В которой Даша получает роскошные подарки, Данила готовится от партизанской войны перейти к боевым действиям, а работа, наконец, превращает невидимые идеи в осязаемое волшебство
- Смотри на себя!
Даша улыбнулась просьбе, почти приказу и послушно уставилась на огромное лицо, изображенное на стене.
- Не поворачивайся. – Данила что-то делал за ее спиной, топал и шуршал, а потом, скрежетнув железом, щелкнул.

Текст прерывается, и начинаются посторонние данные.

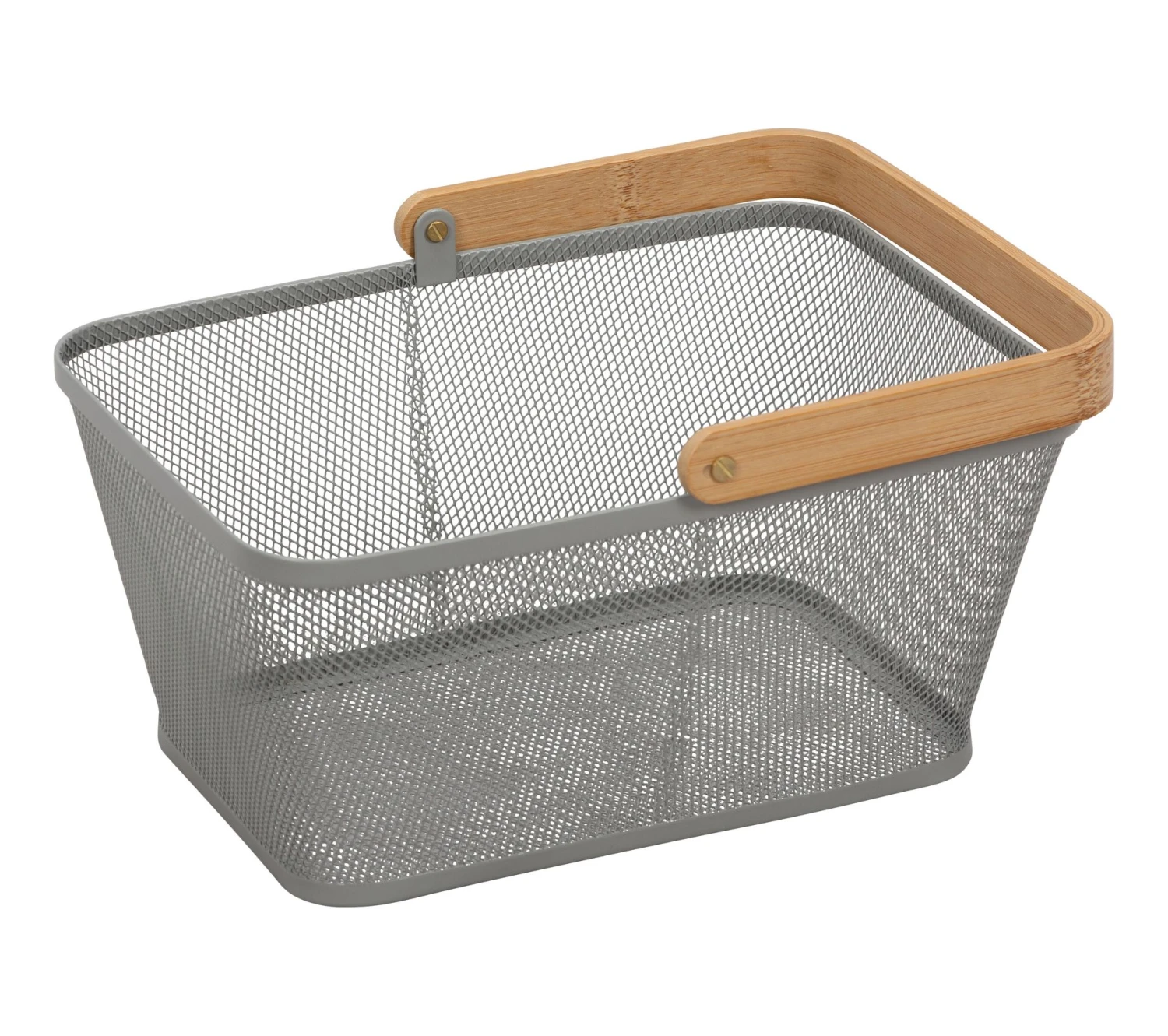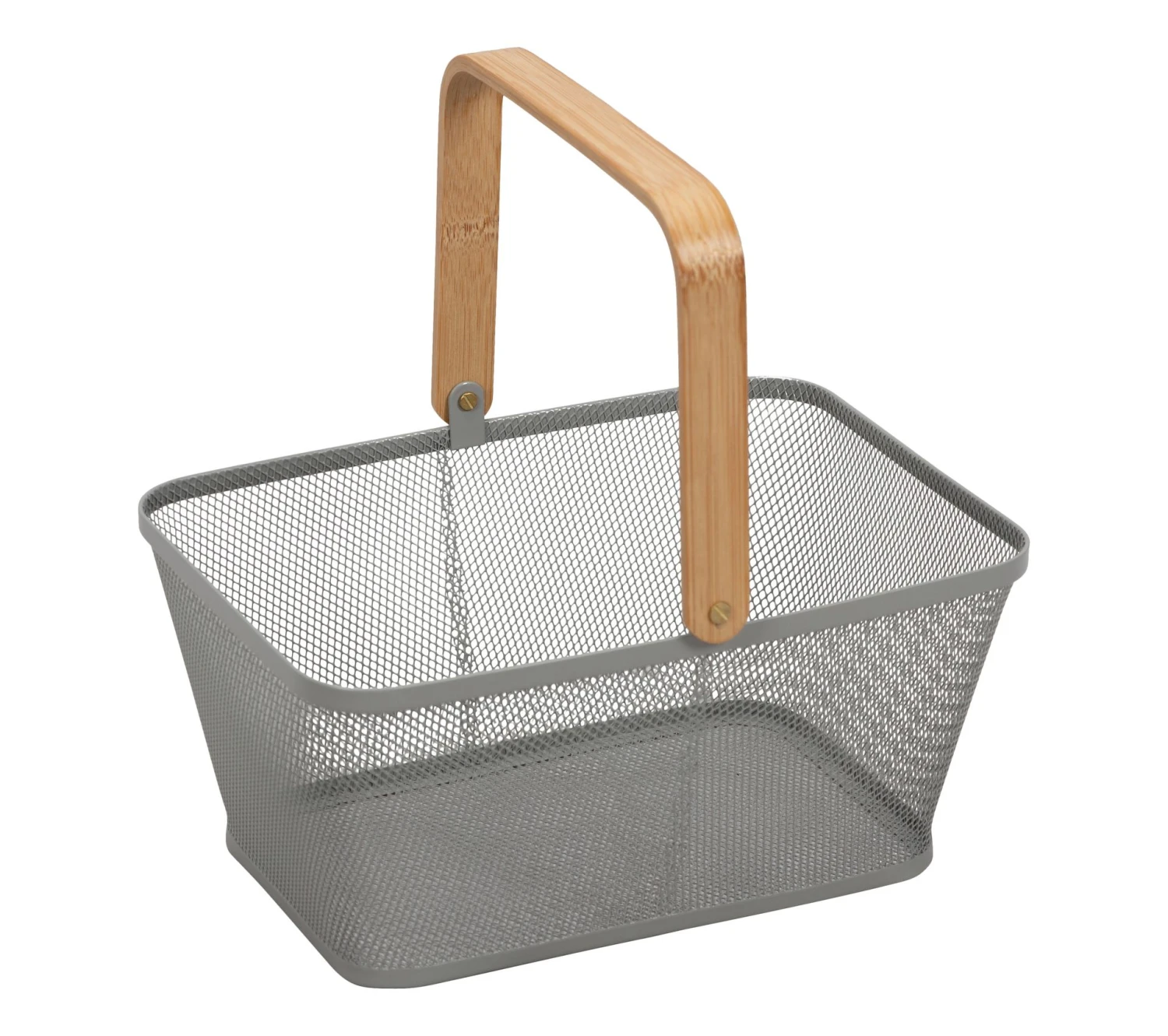 Avec son anse large en bambou naturel, ce panier vous permet de ranger et transporter facilement vos livres, vêtements ou menus objets. Avec sa structure en fer, ce panier de dimensions L. 30 cm – l. 22 cm- H. 14 cm est robuste et peut supporter des charges assez lourdes sans se déformer. Grâce aux petits trous de son corps principal, ce panier LOKI est aéré, il pourra donc servir à stocker des fruits et légumes dans une cuisine, par exemple. On peut également voir à travers et contrôler son contenu d’un coup d’?il, sans avoir à le vider.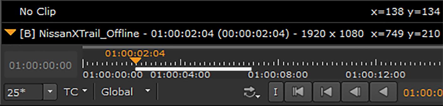 The timeline playhead indicates what is currently displayed in the Viewer using a number of different display markers. Swapping tracks between buffers automatically updates the playhead so that you always know which tracks you are looking at in the Viewer.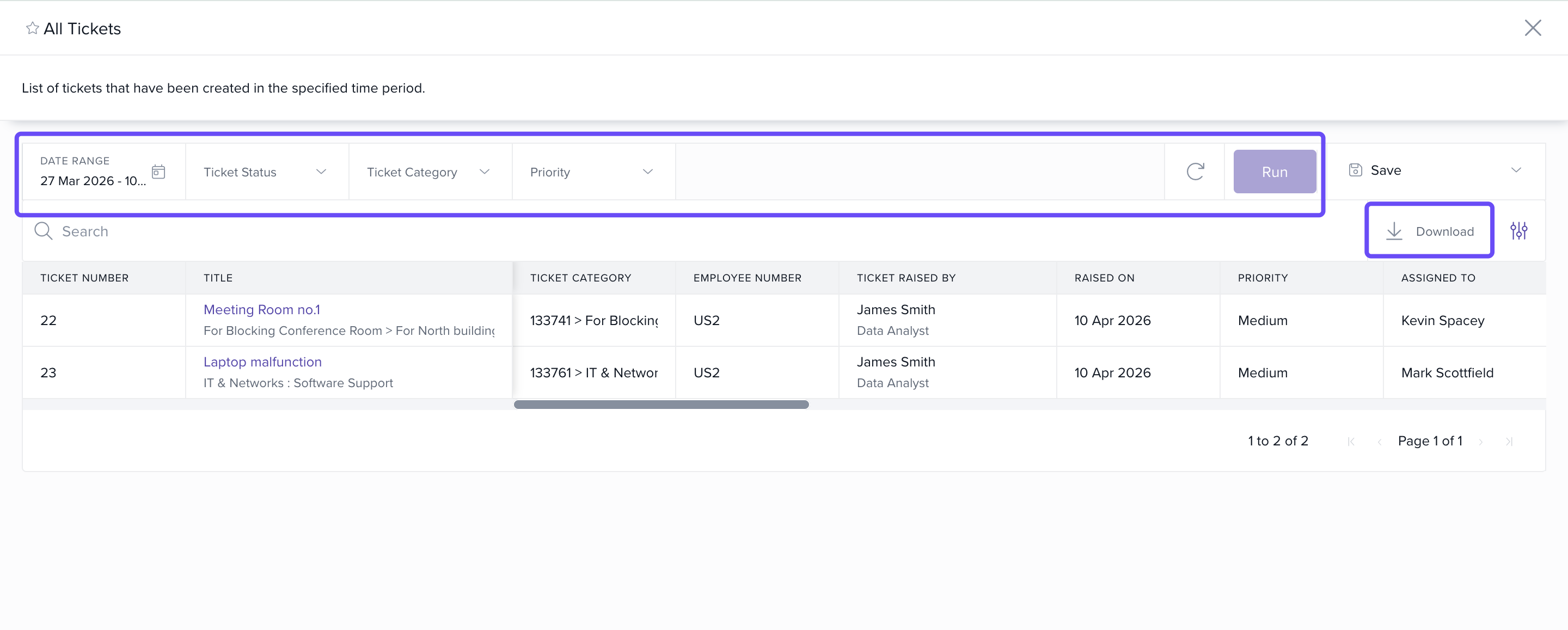 Lists every ticket—both active and closed—within a selected date range.Closed Tickets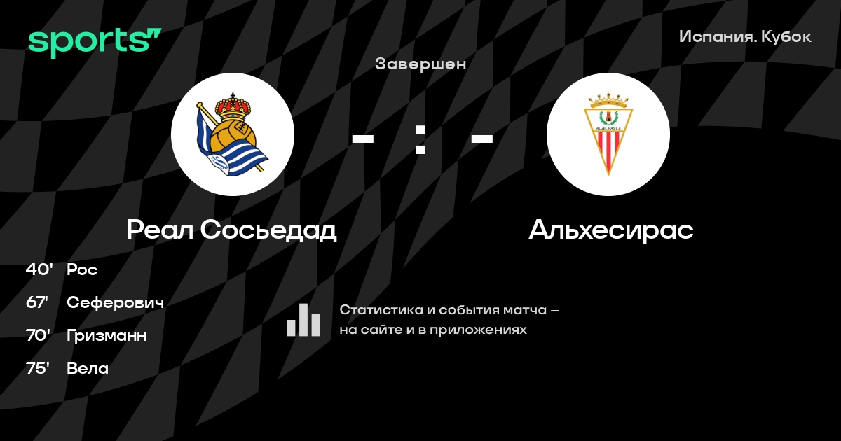 Субикараи - Хосе Анхель, Мартинес, Кадамуро, Сальдуа - Элустондо, Чори Кастро, Рос, Прието - Сеферович, ВелаЗапасные: Ройо, Пардо, Гризманн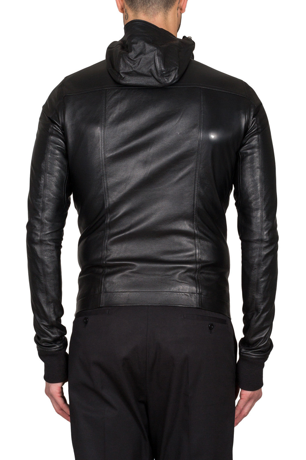 Black RU17S9766 LVT 09Rick Owens SS17 Walrus Bullet jacket in black ram leather has an asymmetrii ziper, two single-button side pockets, ribbed cuffs, a small funnel collar and a hood.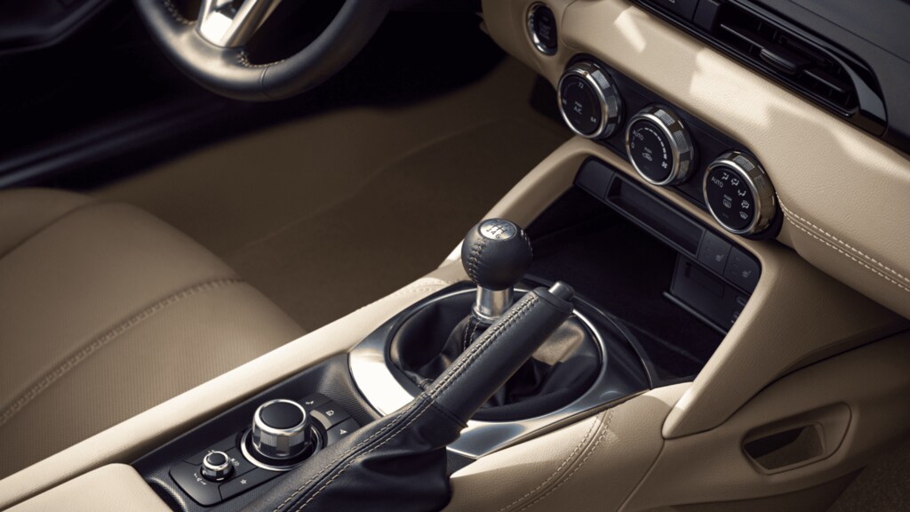 The cabin of the 2025 Mazda MX-5 Miata is configured to support driver focus. All essential controls are positioned for minimal distraction and maximum accessibility. The 2025 model introduces a center-mounted color display. This system integrates Apple CarPlay® and Android Auto™ offers both wired and wireless connectivity. Audio, navigation, and communication functions are accessible through both touchscreen and rotary control inputs.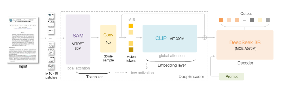 SAM + Conv做前端感知(也就是编码器的前半部分) - 解码器部分仍然是一个 LLM(DeepSeek-3B)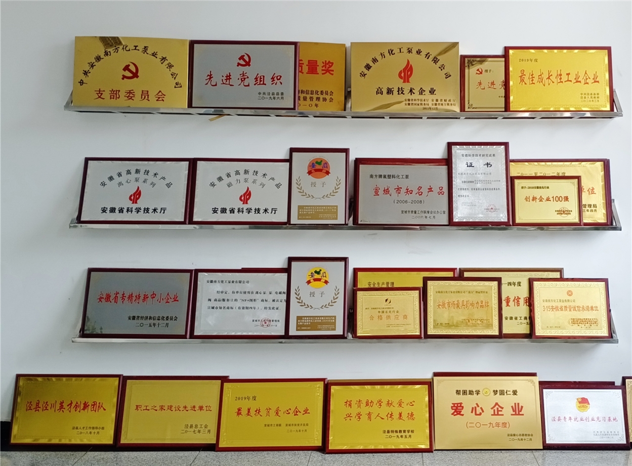 南方泵業(yè)先后榮獲“高新技術(shù)企業(yè)”、“安徽省著名商標(biāo)”、“安徽省名牌產(chǎn)品”、“安徽省創(chuàng)新型企業(yè)100強(qiáng)”、“安徽省質(zhì)量管理獎”、“安徽省科技型民營企業(yè)”、“AA級標(biāo)準(zhǔn)化良好行為企業(yè)”等稱號,新型高效節(jié)能化工流程磁力泵被安徽省科技廳認(rèn)定為“高新技術(shù)產(chǎn)品”。擁有18項磁力泵、襯氟泵領(lǐng)域關(guān)鍵技術(shù)專利,南方泵業(yè)正引領(lǐng)著金屬磁力泵和襯氟泵產(chǎn)品的發(fā)展方向。產(chǎn)品服務(wù)于石油化工、生物制藥制酸、新能源、新材料、電力、冶金等領(lǐng)域的關(guān)鍵工藝上,解決了腐蝕與泄漏的難題,南方化工泵業(yè)堅持以“專注于腐蝕與貴重流體的安全輸送”為理念,以“節(jié)能、環(huán)保、安全”為宗旨,以振興民族工業(yè)為己任,努力打造性能可靠、客戶滿意的泵閥精品,服務(wù)于國內(nèi)外用戶。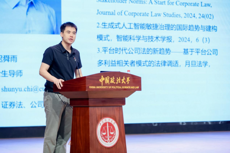 2014级校友、MBA校友会会长石宇随后分享。他提到在法大学习期间完善了价值投资理论七步法,并以金开新能为例,讲述其从濒临退市到转型绿电业务、股价飙升的历程,强调法大培养的专业眼光助力价值发现。接着,金开新能源有限公司风控部副部长、法大校友田阔从战略规划角度介绍企业,金开新能是央地协同混改典范,2023年引入战略投资人,以“双碳”为目标,形成“三条曲线”布局,涵盖清洁电力、低碳产品供应、算电协同业务,还介绍了产业链延伸与数字化风控工作,强调“政法商融合”理念,并欢迎同学们交流。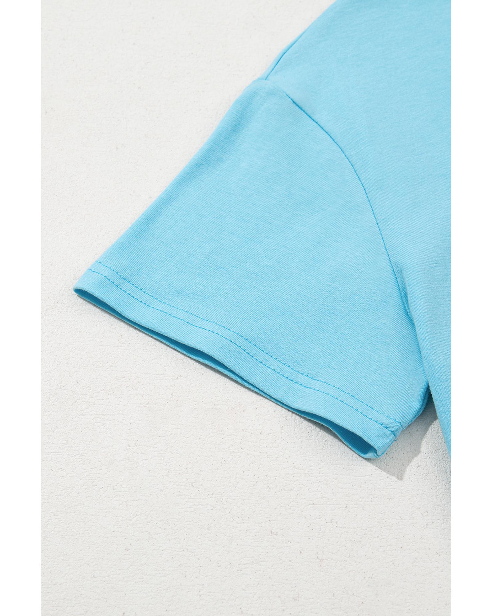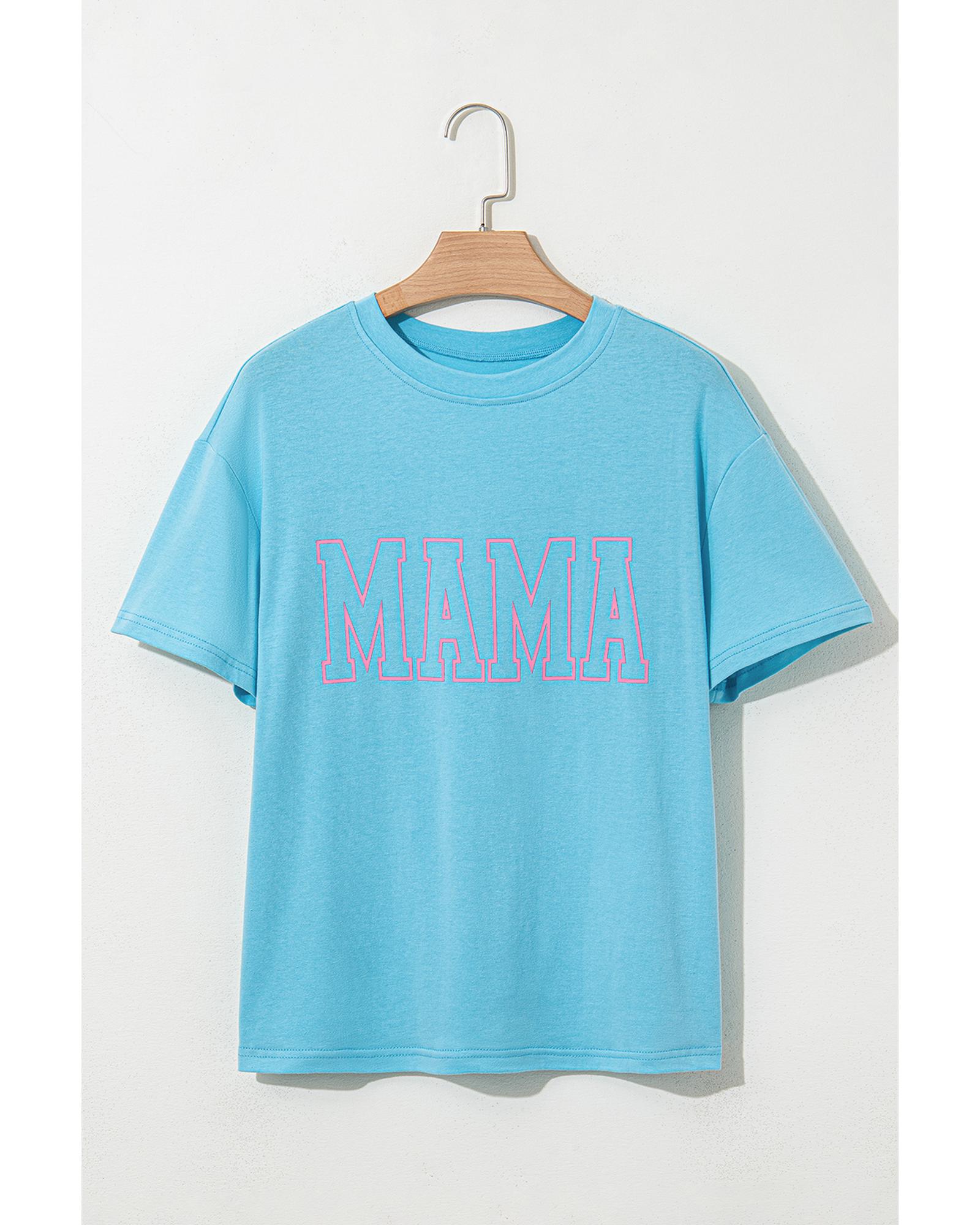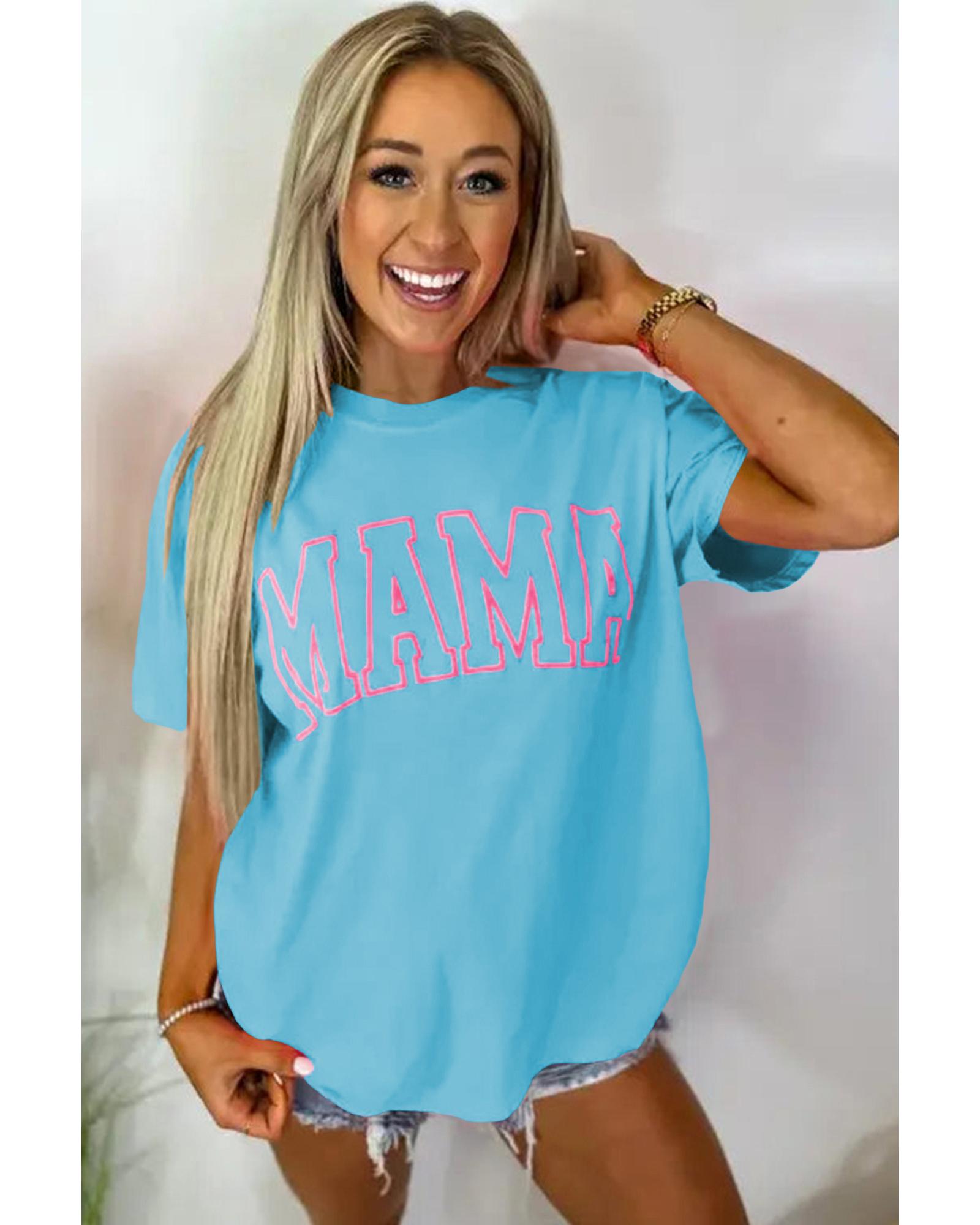 - Light Blue MAMA Letter Graphic Neon T Shirt

- Глаза закрой и руку, дай руку.
Ее рука повисла в воздухе, шевеля пальцами. И схватившись за его, горячую, Даша, натыкаясь на спутника, пошла за ним мелкими шагами.
- Сюда.
Запахло краской, дунул по щекам и шее ветерок. Шаги звучали гулко, запах краски шел по пятам, вызывая в голове ощущение большого пустого пространства. Пару раз на поворотах Даша стукнулась локтем, тихонько ойкая. И, наконец, наступив Даниле на ногу, остановилась, когда остановился он.
- Открывай.
Открыла и сразу прищурилась, в глаза метнулся яркий, просторный свет от неоновых панелей на потолке. Помещение было пустым, только у ближней стены стояли в ряд три промышленные машины, крашенные серо-зеленой краской. Кое-где на углах краска облезла, открывая затертый от работы черный и серый металл. Перед машинами торчал похожий на спортивного коня, но с плоской широкой спиной, верстак, с привинченными на краях тисочками и прочими полезными приспособлениями.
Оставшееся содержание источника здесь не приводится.